Omar habite à Istanbul. Ces dernières années, il a vu la capitale économique se transformer en étape pour des hommes et des femmes déterminés à aller faire le jihad en Syrie, parmi lesquels nombre de jeunes Français. Mais il y a quelques jours, il a été mis en contact avec un couple qui a décidé de faire le chemin inverse. Quitter Raqqa pour rentrer en France. Spontanément, il a voulu leur venir en aide, là où le consulat français est dans l’incapacité d’accompagner ces jihadistes de retour de Syrie. 

 

Si Omar a été amené à s’intéresser à ces questions c’est parce que ses proches installés en France et lui traversent une épreuve similaire. En février, sa cousine, fervente musulmane de nationalité française, a choisi de quitter sa famille du jour au lendemain pour la Syrie à l’appel de jihadistes français sur place. C’était il y a quelques semaines. Depuis, Oumar se renseigne, cherche des contacts. Des recherches qui l’ont amené à croiser d’autres histoires comme celle de ce couple de jihadistes qui a fui les rangs de l’organisation de l'État islamique à la fin du mois de mars.  L’homme a 19 ans était parti en Syrie il y a environ un an, puis sa compagne l'avait rejoint. Ils se sont ensuite mariés sur place. Les deux sont originaires de la région parisienne.
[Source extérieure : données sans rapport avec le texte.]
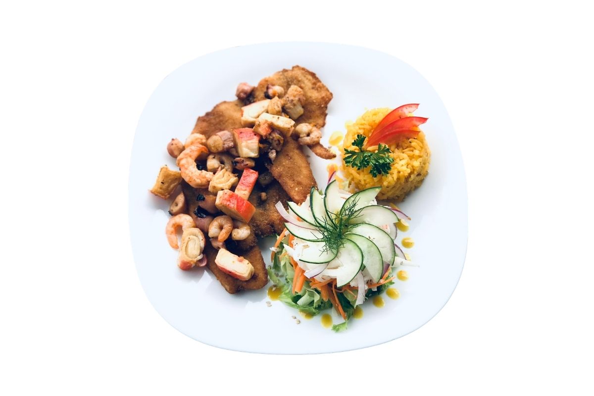 90 gr de pescado bañado con un mix de mariscos a la mantequilla, acompañado con arroz y ensalada.

"On a partagé une cigarette… Je ne voyais plus un terroriste en face de moi"

 

Tout a commencé avec un coup de fil de ma famille depuis la France, qui me dit qu’un couple vient de quitter l’organisation de l'État Islamique (EI), qu’il se trouve à Istanbul et qu’il faut les mettre en sécurité. Je trouvais normal de faire quelque chose pour les aider, donc j’ai décidé d’établir un contact. Pas forcément parce qu'ils sont musulmans, ça n’a pas d’importance pour moi.

 

Le couple a quitté Raqqa [fief de l'EI soumis aux bombardements de la coalition, NDLR] avec très peu de choses. Le jeune homme a vendu sa Kalachnikov pour financer le passeur et le voyage jusqu’à Istanbul. Le couple a profité d’une permission donnée par les chefs de l’EI pour que la femme, qui est enceinte, reçoive des soins médicaux en Turquie. Quand je les ai rencontrés la première fois à Istanbul, je leur ai d’abord conseillé de changer d’hôtel pour un endroit plus sûr. Leurs têtes sont probablement mises à prix par l’EI.

 

Je ne me suis pas senti inquiet en prenant contact avec eux, peut-être un peu au début…Mais très vite le contact est devenu amical, on a rigolé, on a même partagé une cigarette… Je ne voyais plus un terroriste en face de moi. La méfiance était bien sûr réciproque au premier contact, mais ils ont très vite compris que mon seul but était de les aider. La femme n’était pas très loquace, elle restait en retrait et tremblait beaucoup, j’ai beaucoup insisté pour qu’elle consulte un médecin. Ce qu’elle a fait. 

 

"Je pense que leurs parents ont joué un rôle important dans l’incitation au retour"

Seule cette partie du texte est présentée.